### Material provided ###
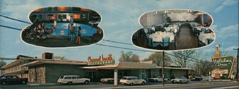 | Exterior view of the Holiday Inn and Charcoal Hearth Restaurant, with inset images of the swimming pool area and the dining room. Amenities include TV, room service, free ice, baby beds, valet & laundry service, banquet and convention facilities. |
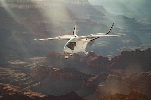 전기 비행기 ‘알리아 CX300’이 하늘을 날고 있다. 베타 테크놀로지스 제공 |
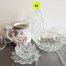 63. Teacup/Saucer, Pink Depression Glass Compote + Bowl and Miniatures
###
> [Required work]:
Give the listing again word for word. Skip every image.

> [Answer for the task]:
 | Exterior view of the Holiday Inn and Charcoal Hearth Restaurant, with inset images of the swimming pool area and the dining room. Amenities include TV, room service, free ice, baby beds, valet & laundry service, banquet and convention facilities. |
 전기 비행기 ‘알리아 CX300’이 하늘을 날고 있다. 베타 테크놀로지스 제공 |
 63. Teacup/Saucer, Pink Depression Glass Compote + Bowl and Miniatures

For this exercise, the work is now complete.